Vane bows his head, before glancing around the room. “Where is Lady Penny?”
“She went to the archives,” Ren says, stepping through the door as well. “She has a few questions to ask the Captain of the Guard.”
“The Captain?”
“The guy who saved your life and brought us here. He’s waived your treatment, too.”
Vane raises a brow. “I see. He is a kind man indeed.”
The man staggers to the couch, his limbs still not as strong as he probably would like. Gridel stokes the fire blazing in the hearth, and Ren takes a seat next to Vane. They still have to wait for Penny to return before they can discuss their next plan of action.
As of now, they’ve yet to figure out what to do with Tiv yet. Bring him along for the rest of their adventure (which is a terrible idea, in Ren’s eyes)? Or let him stay in this house? But wouldn’t Minister Berg kick him out again? It doesn’t look like Hal nor his army would want to keep him either, now that he’s stood up for Beville. They, or Tiv, have three options, and none of them sound ideal.

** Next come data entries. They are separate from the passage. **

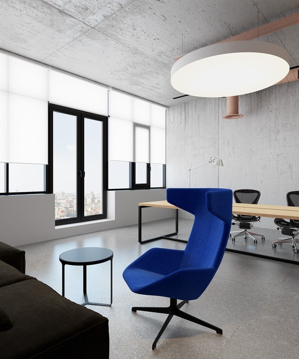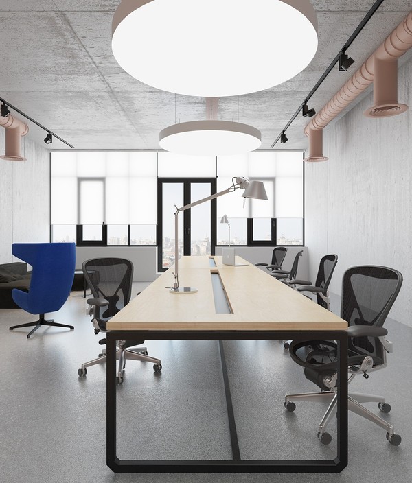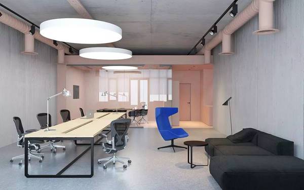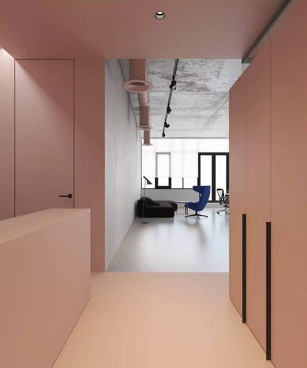 外露的鋼管也被粉刷成粉色,整個(gè)空間采用混凝土鋪陳,從地面延伸至墻面,天花,統(tǒng)一的材質(zhì)讓空間變得簡(jiǎn)潔,干凈,中央擺放著一張長條形的巨型辦公桌,通過淡色木質(zhì)面板以及黑色鐵件塑造出輕盈靈巧的視覺感受。休息區(qū)用黑色轉(zhuǎn)角沙發(fā)搭配鮮艷的寶藍(lán)色單人椅,帶來鮮明的對(duì)比。
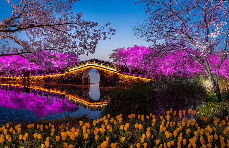 ○行程安排:早起乘车前往有“江南唯一的水上油菜花田”之称的千垛菜花风景区[门票团费已含],拍摄金灿灿的油菜花岛屿以及千岛样式的垛田景观等;午餐后乘车前往无锡市,抵达后入住当地酒店。下午适时出发,乘车前往郭沫若曾写诗“太湖佳绝处,毕竟在鼋头”来赞誉的鼋头渚风景区[门票团费已含]内的樱花谷,拍摄太湖畔的晚樱花及夜景风光等。
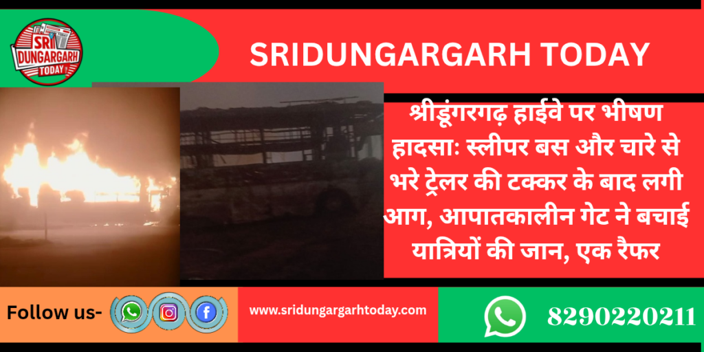 श्रीडूंगरगढ़ नेशनल हाईवे सेसोमू स्कूल के पास बुधवार तड़के एक बड़ा सड़क हादसा हो गया। जयपुर से बीकानेर जा रही एक स्लीपर बस और चारे से भरे ट्रेलर के बीच जोरदार टक्कर हो गई। टक्कर इतनी भयानक थी कि दोनों वाहनों में मौके पर ही आग लग गई। बस में सवार यात्रियों में अफरा-तफरी मच गई, लेकिन बस में बने आपातकालीन द्वार (Emergency Exit) की वजह से बड़ी संख्या में यात्रियों की जान बच गई। यह हादसा सुबह करीब 5:15 बजे हुआ और हादसे के बाद हाईवे पर लगभग दो घंटे तक यातायात बाधित रहा। फायर ब्रिगेड और पुलिस की टीम ने कड़ी मशक्कत के बाद आग पर काबू पाया।
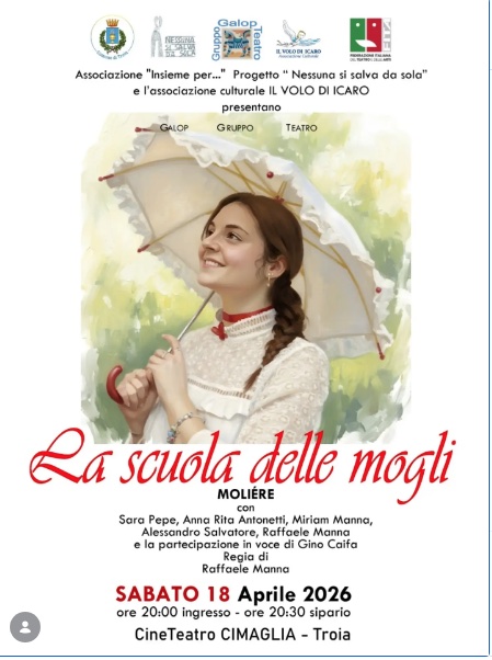 Al CineTeatro Cimaglia di Troia, lo spettacolo proposto dalla compagnia Galop Teatro con la regia di Raffaele Manna; il ricavato sosterrà il progetto contro la violenza di genere “Nessuna si salva da sola”
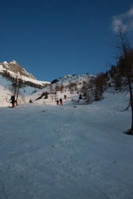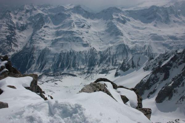 Schon am frühen Morgen warm. Trotzdem mit Harscheisen bis zum Gipfel aufgestiegen.
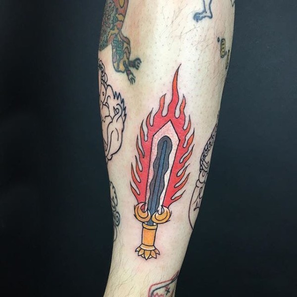 多款彩绘水彩素描创意霸气精致的匕首纹身图案

“Shall I start preparing dinner?” Gridel asks.
“Yeah, sure. Penny can come back to some piping hot soup,” Ren says. “What are we making?”
“I think some stew would be good for this climate. I’ve purchased a slab of Qiqirn meat, with a few vegetables.” Gridel makes for the kitchen, only to be stopped by Ren’s question.
“What’s a Qiqirn?”
Gridel pauses, a hand on the doorjamb, as she considers her answer. It’s become so quiet that Ren can almost hear a pin drop.
“I don’t know,” Gridel says finally, and Ren can hear the frown in her voice. “I’m assuming that it would lend its taste to the broth just like any other meat.”
In other words, she has no idea just what it would taste like. Ren purses his lips. Better go help out, though he’s not sure he can contribute much either.
“Master Ren, please, let me—” Vane starts, but is silenced by both Ren and Gridel’s frightening glare. He sinks back into the couch, sighing deeply, arms folded. Ren leaves his seat and follows Gridel to the kitchen.
He lights the stove with a spark, the wood burning brightly with that single flame. Whilst Gridel prepares the meat, Ren handles the water. He dunks a bucket of liquid into a pot, before putting the empty bucket back on the counter. He places the pot on the counter and waits for it to boil.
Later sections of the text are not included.